After the coup, Littin went to Mexico and looked back on Chile's recent, violent history in Actas de Marusia. This film documents the roots of right-wing domination in an English Mining Company's exploitation of a small Chilean town at the start of the century, ending in torture, hostage-taking, and mass-murder. For some, however, the film was too one-sided, one critic calling it "nothing so much as a Stalinist hymn to the glories of suicidal sacrifice." Nonetheless its ochre-toned intensity gained it an Academy Award nomination as Best Foreign Film.
From here his career took a different turn. The emerging fashion for Latin American "magic realism" in European and American literary tastes saw Littin making a parallel rapprochement with "western" intellectual culture—the previous agent of cultural contamination. El recurso del método, based on a Carpentier novel, was archly thoughtful, quoting from Descartes in its portrayal of an exiled Latin American dictator. But again it detailed Littin's concern with the forms of ideology that condone dictatorship—here in the delusion of subjectivity: "The dictator can seem nice and understandable in his behaviour, but at the same time he reveals the extent to which he himself has been destroyed by the ideology of imperialism. . . . Therefore I didn't want to stress the individual." Mirrors, paintings, and lamps refract the lighting, rendering illumination and identification uncertain: "It is a play of reflections between truths, lies, ambiguities, and from the joining of all these elements, the spectator will be able to draw a conclusion, to become aware of what a dictatorship is." El recurso del método struck the plangent note of the exiled Littin's own political pessimism, a note that was echoed in La viuda de Montiel, which showed the widow of a local tyrant gradually becoming aware of her previous self-delusions. In spite of Garciá Márquez providing the story, the film failed to take off.
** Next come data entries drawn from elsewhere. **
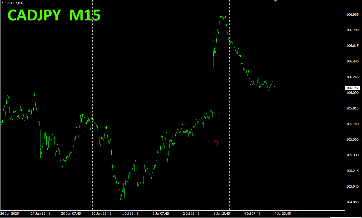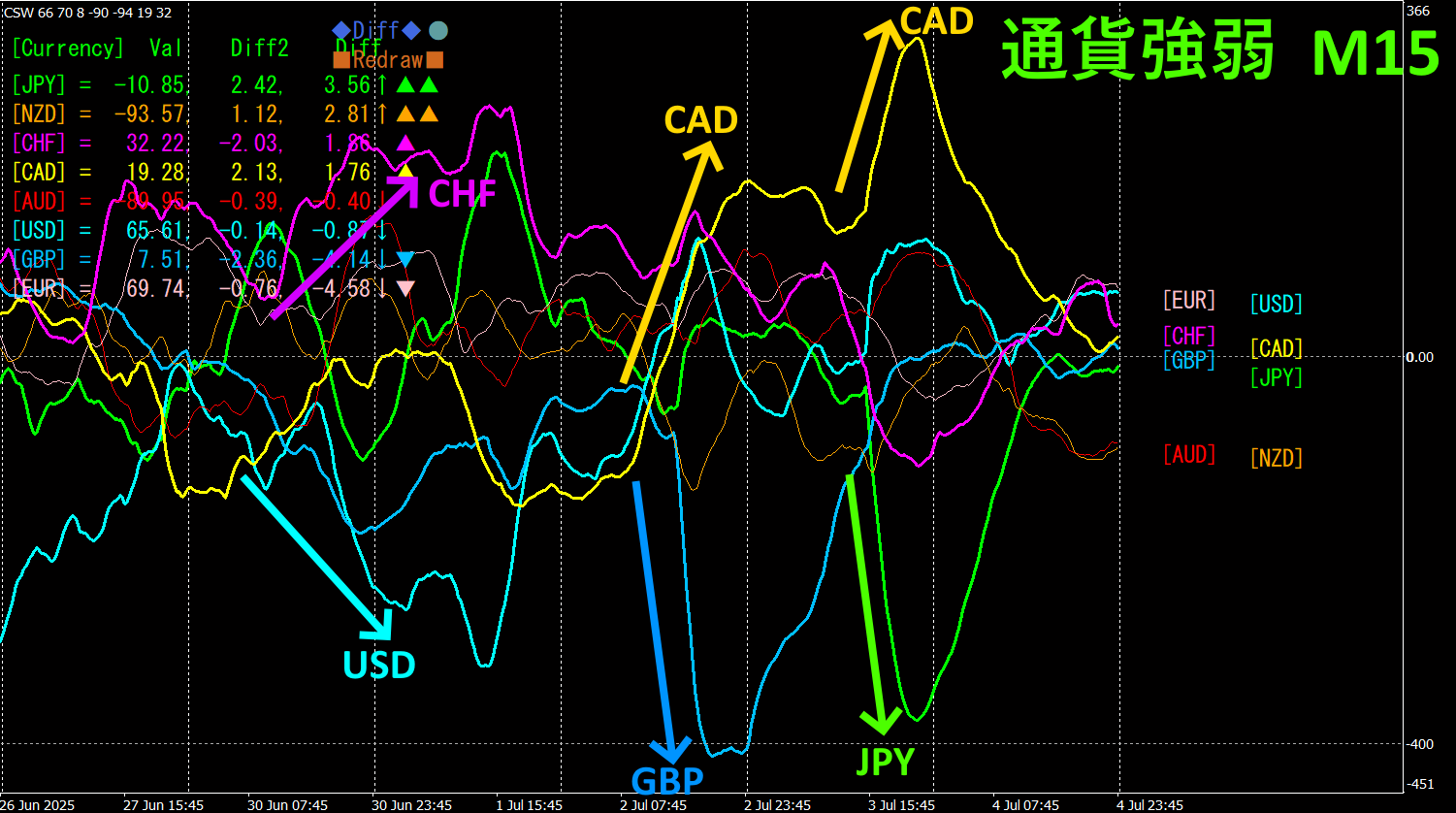 15分足の通貨強弱グラフを見ると、USDとCHF、GBPとCAD、JPYとCADが、見事な逆相関関係になっていることがわかります。大きく伸びて、逆相関関係にある通貨ペアを選べば良いのです。
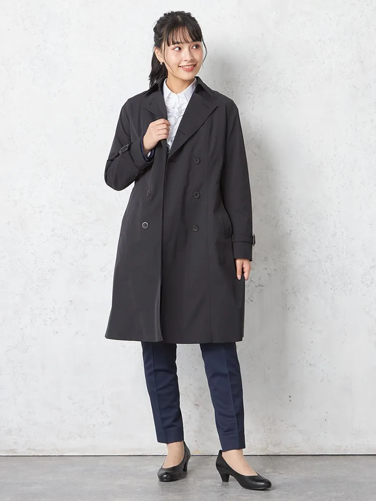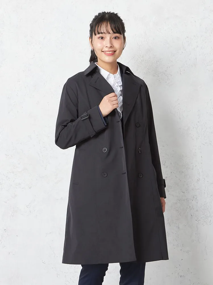 【撥水】トレンチコート 取り外しライナー付き 防花粉 防シワ 無地 SOFFICE 通年【レディース】(ブラック)
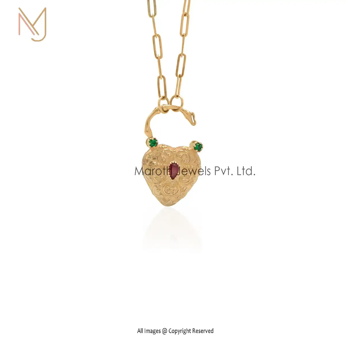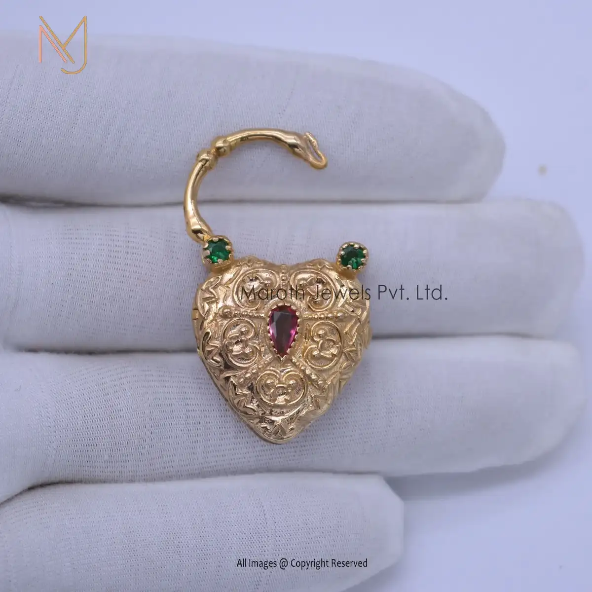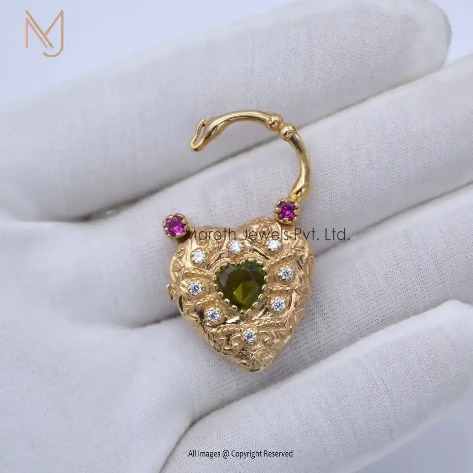 14K Yellow Gold CZ & Ruby Green Onyx Heart Padlock Pendant Jewelry USA

But Alsino y el cóndor, taking as its subject a boy's dream of flying, did take off, showing Littin's return to contemporary Latin American realities in the context of Somoza's Nicaragua of 1979. Some saw the film's clear political sympathies as hampering it at the Academy Awards where it was nominated for Best Foreign Film. But the film cinematically transcended its political objectives in a powerful, emotive vision of a country torn by civil war, seen through the eyes of a crippled child. That innocent eye is one Littin tried to capture when he surreptitiously returned to Chile after twelve years in exile to secretly film life under Pinochet. He was disguised as an Uruguayan businessman and covertly directed four film crews. The resulting four-part documentary, Acta General de Chile, is a testament to Littin's flexibility and bravado.
Littin's place in Latin American film history is ensured, for reasons that go beyond the aesthetic. Paradoxically, what has earned him posterity has often cost him aesthetically. Responsiveness to a changing political climate renders him an unpredictable director, but nonetheless bodes well for the future.